The RFID reader may be located at any suitable location within the aircraft unit. Due to the fact that the read information is transmitted to an aircraft communication unit that participates in sending the ID-information to a remote surveillance system, the RFID reader is located in an exemplary embodiment of the invention inside, outside or near an Electronic Control Unit of the aircraft unit (such as the Electronic Engine Control (EEC) in case of an aircraft engine), wherein the Electronic Control Unit unit represents such aircraft communication unit. More particularly, the RFID reader may be integrated with other electronic components inside the Electronic Control Unit. Alternatively, the RFID reader may be separate component from the Electronic Control Unit and be located outside of the Electronic Control Unit (it may, e.g., be attached to the housing of the Electronic Control Unit) or be located near the Electronic Control Unit. In the latter cases, it may be provided that the RFID reader is wire connected to the Electronic Control Unit and that the RFID reader and the Electronic Control Unit communicate via a bus. Further, it is pointed out that in other embodiments the RFID reader may located remote from the Electronic Control Unit in the aircraft, e.g., in the engine nacelle, in the pylon or in the aircraft fuselage.

It is pointed out that a considered aircraft unit such as an aircraft engine may have one or several RFID readers, each RFID reader reading at least intermittently and automatically the RFID tag of at least one LRU. If several RFID readers are present in a unit, each RFID reader can read the RFID tags of the LRUs closest to it, thereby ensuring sufficient signal strength for the communication between readers and tags.

It is further pointed out that within the meaning of the present invention an RFID reader is considered a part of and installed in an aircraft unit when it is able to read signals of RFID tags of LRUs of that unit.
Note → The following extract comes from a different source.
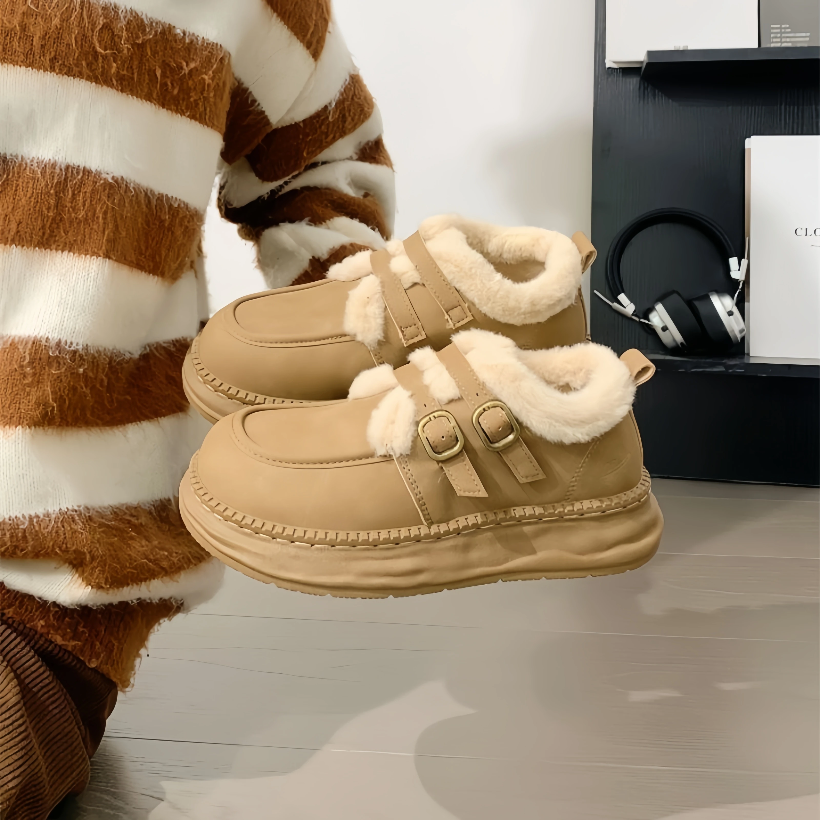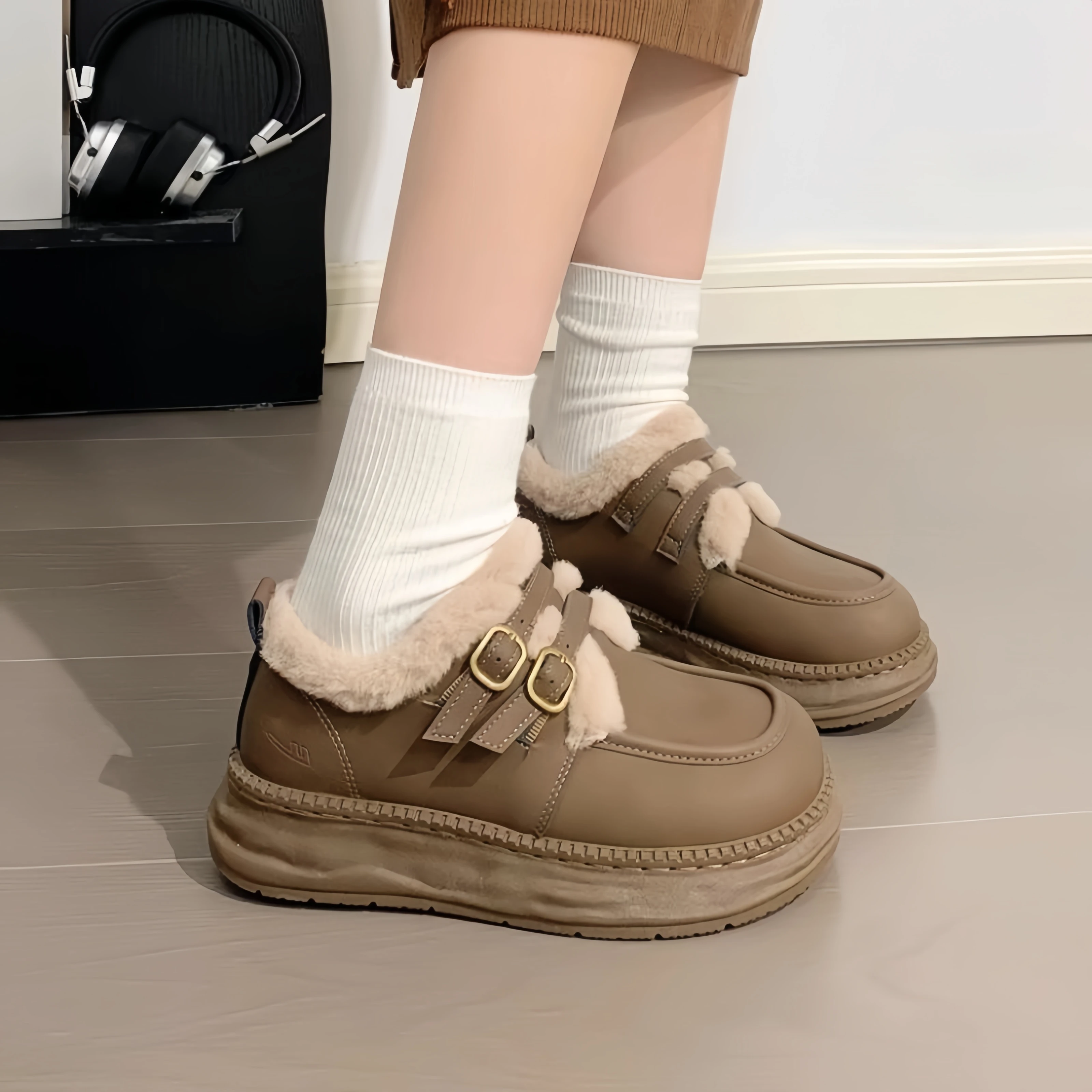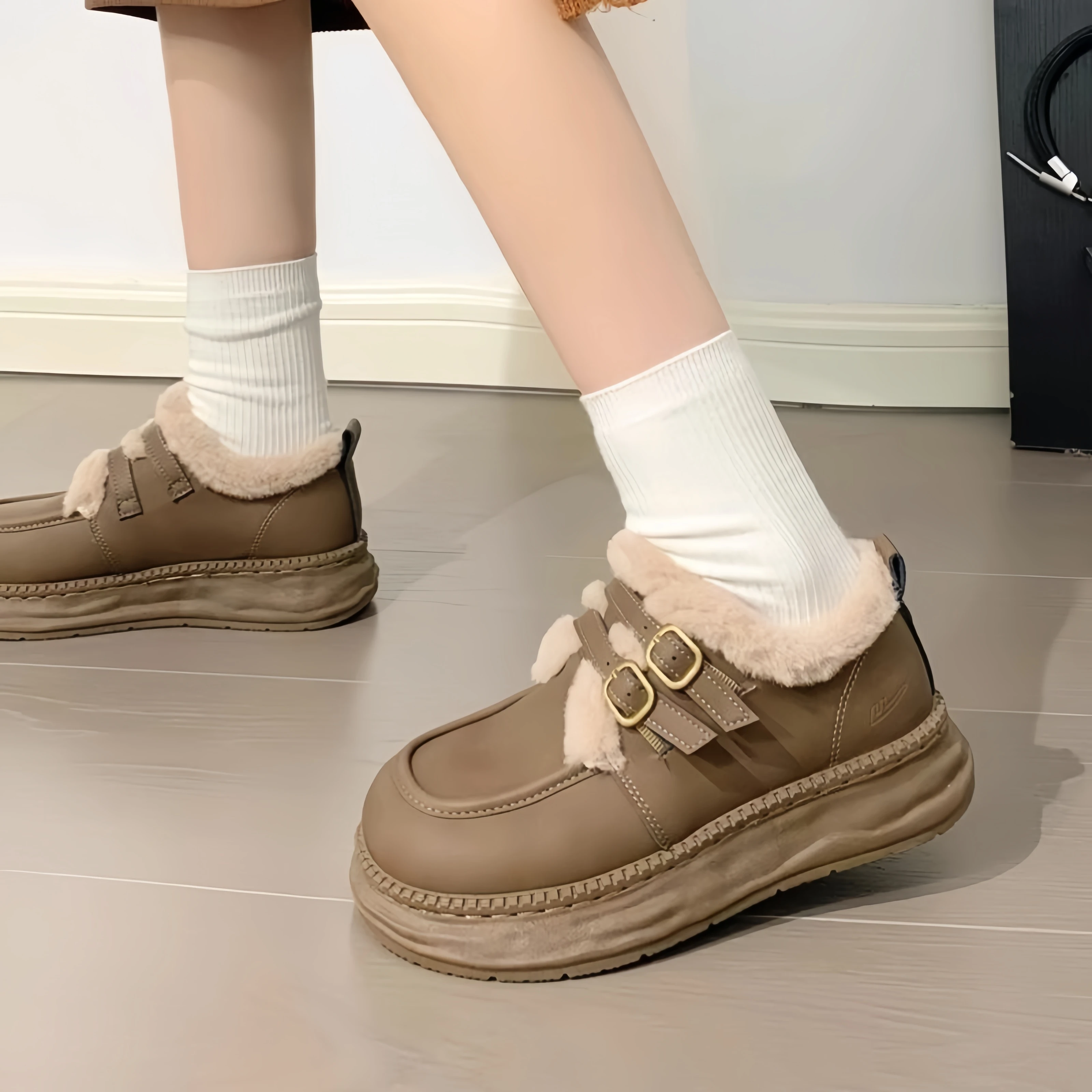 Double Strap Monk Buckle Women's Winter Dress Shoes Slip on Comfortable Warm Breathable Lightweight Wool Upper Loafers
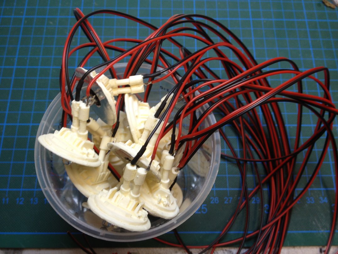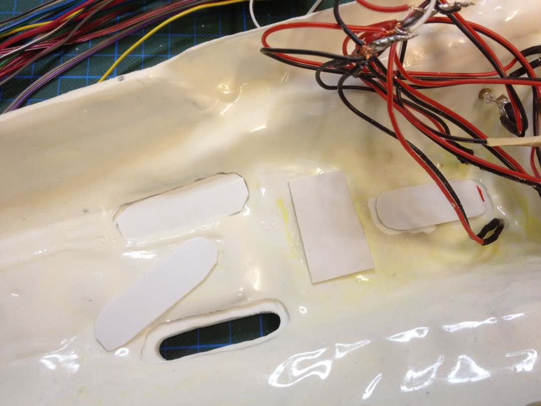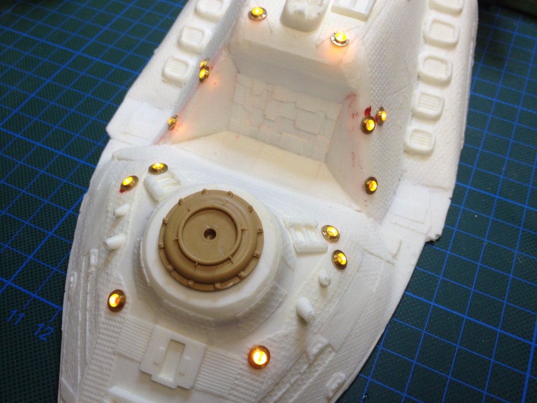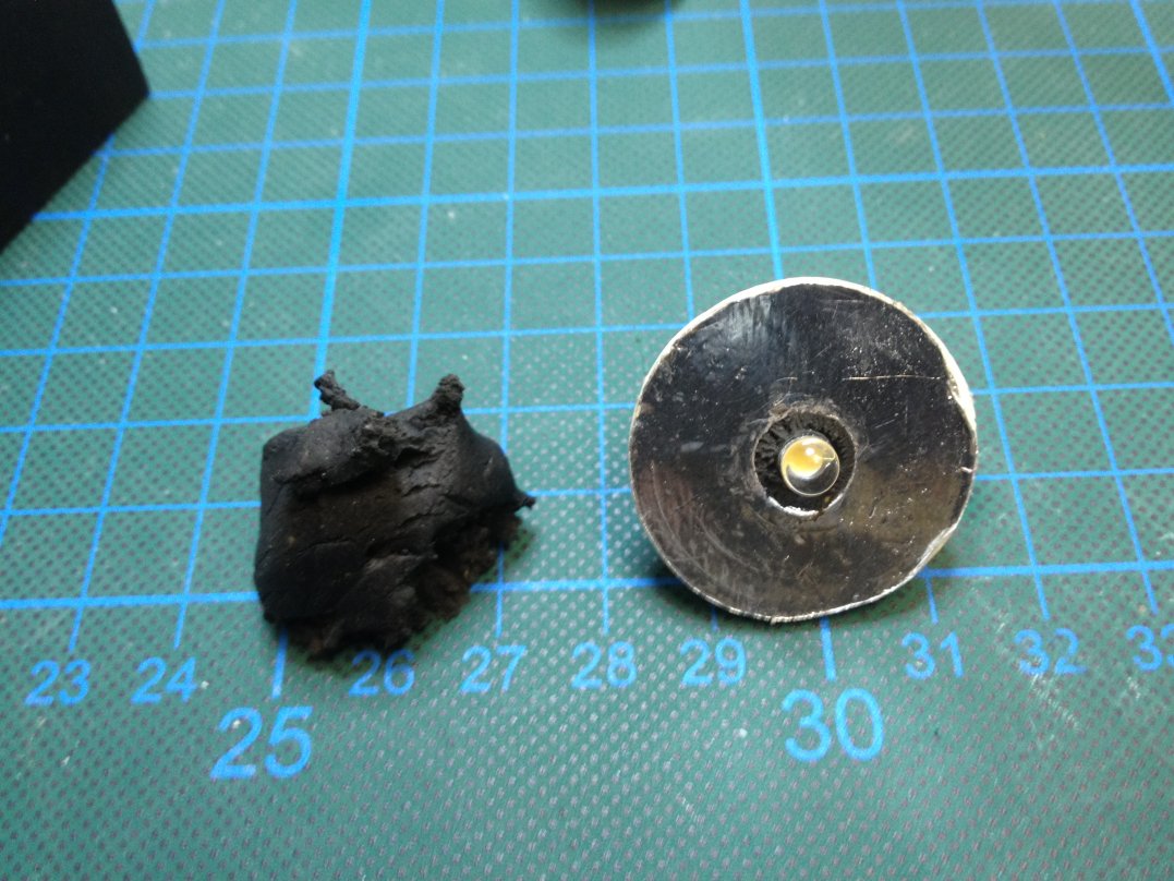 Hier der Trick: Die Dioden werden in schwarzes Milliput eingebettet. Ist zwar ne elendige Arbeit bei 20 Pods, aber ich will mich nachher nicht ärgern:

According to an exemplary embodiment, the aircraft communication unit to which the RFID reader transmits the information read from the RFID tag is an electronic control unit of the aircraft unit (such as the Electronic Engine Control (EEC) in case of an aircraft engine) or an on-board communication unit located in the aircraft. Accordingly, in one embodiment the information read by the RFID reader is transmitted to such electronic control unit. Typically, the electronic control unit communicates with an on-board communication unit that sends the information to ground. In another embodiment, the information read by the RFID reader is transmitted directly to such on-board communication unit without the information passing through the electronic control unit. To this end, a direct communication is established in such case between the RFID reader and the on-board communication unit which may be a wire based or wireless communication. In an embodiment of the present invention, the aircraft communication unit to which the RFID reader transmits the ID- information read from the RFID tag (which may be an electronic control unit such as the EEC or an on-board communication unit as mentioned above) is designed and configured to participate in transmitting the read ID-information to the remote surveillance system by means of an Health Monitoring system that has been implemented to transmit health information about aircraft components to the remote surveillance system. Such Health Monitoring system is state of the art. The idea of such Health Monitoring system is to collect data about engine or other aircraft components through sensors and to transmit these data to ground to a surveillance system. Such transmission may take place, e.g., through a wireless local area network if the airplane is on ground, or take place, e.g., through satellite communication if the airplane is in the air. The health data is typically collected at an electronic control unit such as the EEC and transmitted from the electronic control unit to an on-board communication unit located in the aircraft, from which it is transmitted to ground.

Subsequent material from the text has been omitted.